Я не придал значения.
Вернулся в мамину квартиру около восьми вечера — хотел побыть там один. Просто посидеть. Это была трёхкомнатная на пятом этаже хрущёвки, где мы оба выросли. Обои в цветочек, которые мама переклеивала сама. Буфет с хрусталём. Ковёр на стене — тот самый, с оленями.
Дверь открылась легко — мой ключ подошёл.
Я вошёл и остановился посреди прихожей.
Буфета не было. Ковра не было. С вешалки исчезли мамины пальто. Из комнаты — тишина и пустые углы там, где стояла мебель.

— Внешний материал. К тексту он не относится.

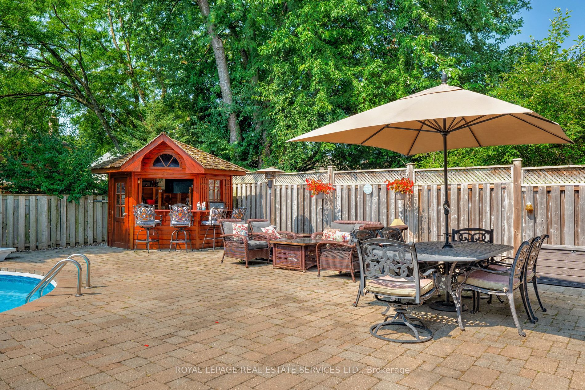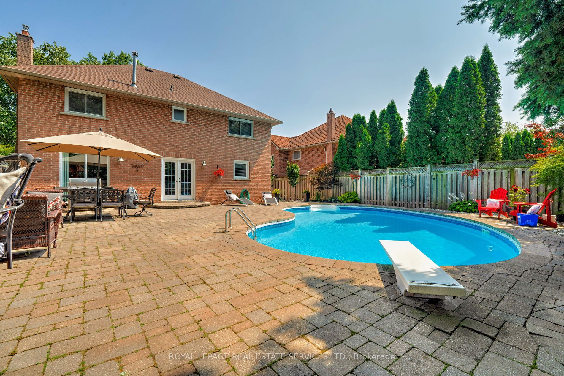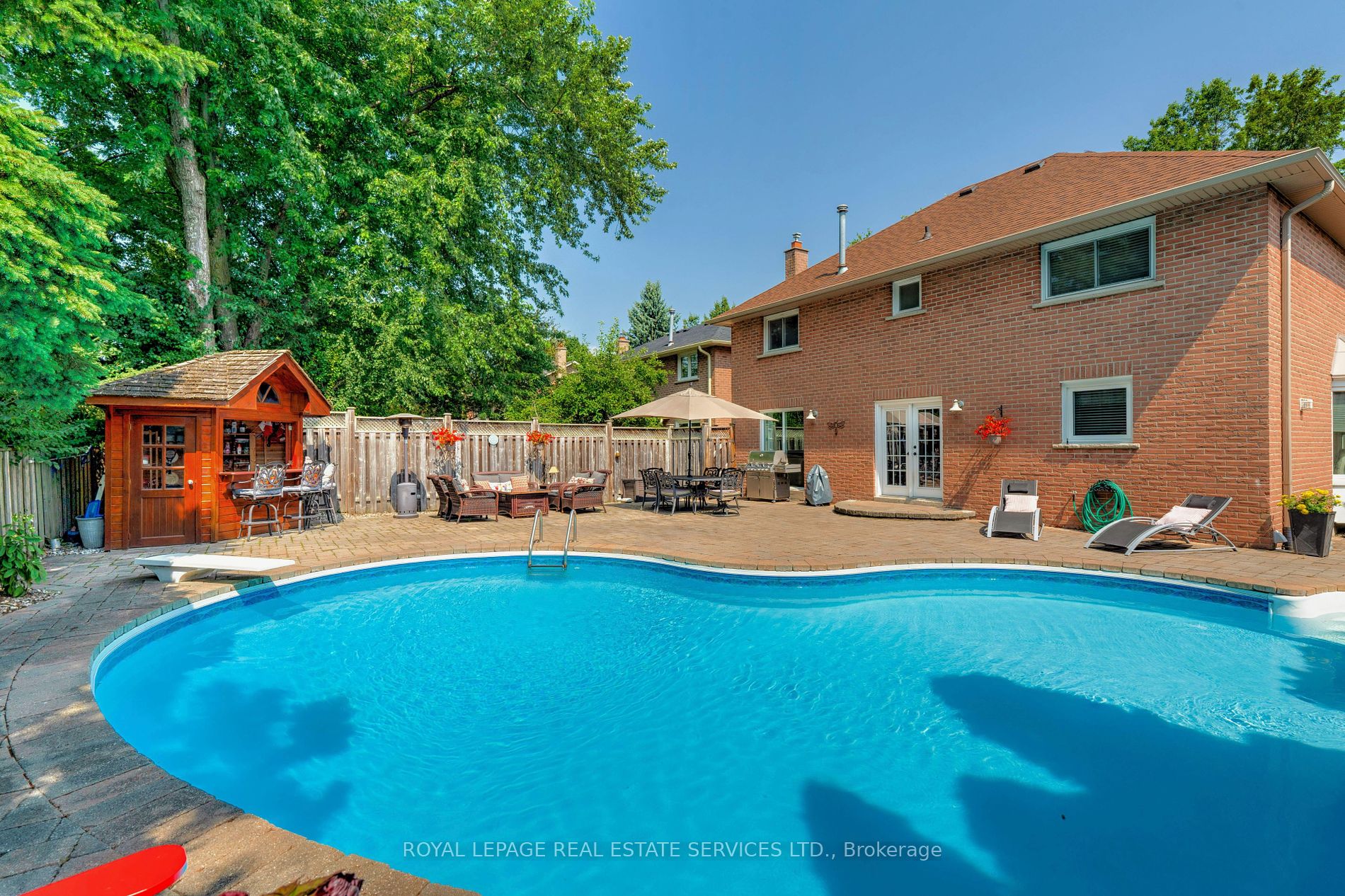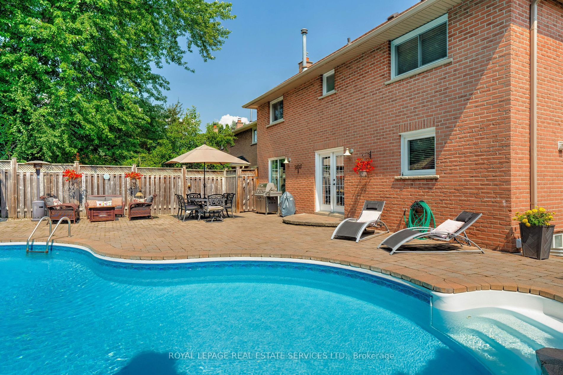 Welcome to 400 Claremont Crescent, a distinguished property nestled in serene and prestigious Southeast Oakville. With 3000 sqft of finished living space, this meticulously crafted family home is strategically positioned on a tranquil, tree-lined crescent, and offers an unparalleled blend of elegance and comfort. The main floor boasts sophisticated entertaining spaces, featuring a refined formal living room and dining area perfect for hosting family and friends. The heart of the home showcases a kitchen with an adjacent breakfast area, complemented by French garden doors that seamlessly connect interior living to the professionally landscaped exterior. The open concept family room exudes warmth and character, enhanced by a gas fireplace and rich hardwood flooring. Practical amenities include a convenient two-piece powder room and a dedicated laundry space with a separate side entrance. The upper level presents a primary bedroom suite, complete with an expansive walk-in closet and a 4pc ensuite bathroom. Three additional bedrooms and a well-appointed 3pc main bathroom complete the second-floor accommodation. The fully finished basement represents an additional realm of versatility, featuring a recreation room with a built-in media niche, a flexible open area den, and a fifth bedroom with ensuite 3pc bathroom privileges. Abundant storage solutions and a practical cold room further elevate the home's functionality. Outdoor living features a professionally landscaped backyard, complete with an extensive interlock stone patio and a resort-style pool, complemented by an elegant pool bar and cabana. A convenient natural gas hookup for BBQ enthusiasts and outdoor entertaining. Strategically situated in proximity to top-rated schools, scenic trails, parks, convenient shopping, and easy highway access, this property represents the pinnacle of suburban family living in one of Oakville's most coveted neighbourhoods.

Я долго смотрел на светлые прямоугольники на обоях — следы от картин.
Потом сел на пол прямо у порога. Просто сел.
Мама умерла утром. А к вечеру её уже не было даже здесь.
Позвонил Лене в девять.
Долгие гудки. Потом — голос, слишком ровный для вечера дня похорон.
— Лен, я в квартире. Где всё?
— Гриш, ну я же старшая. Надо было сохранить вещи.
— От кого сохранить?
Пауза. Короткая, но я её почувствовал.
— Там много ценного. Хрусталь, сервизы. Я взяла к себе пока.
— Пока — это когда?
— Разберёмся. Не сейчас, Гриш. Мы только маму похоронили.
Она положила трубку.
Я сидел на голом полу в пустой прихожей и смотрел на крючок у двери. На нём осталась одна вещь — мамин фартук. Синий, с карманом. Она надевала его каждый день. Наверное, Лена не заметила.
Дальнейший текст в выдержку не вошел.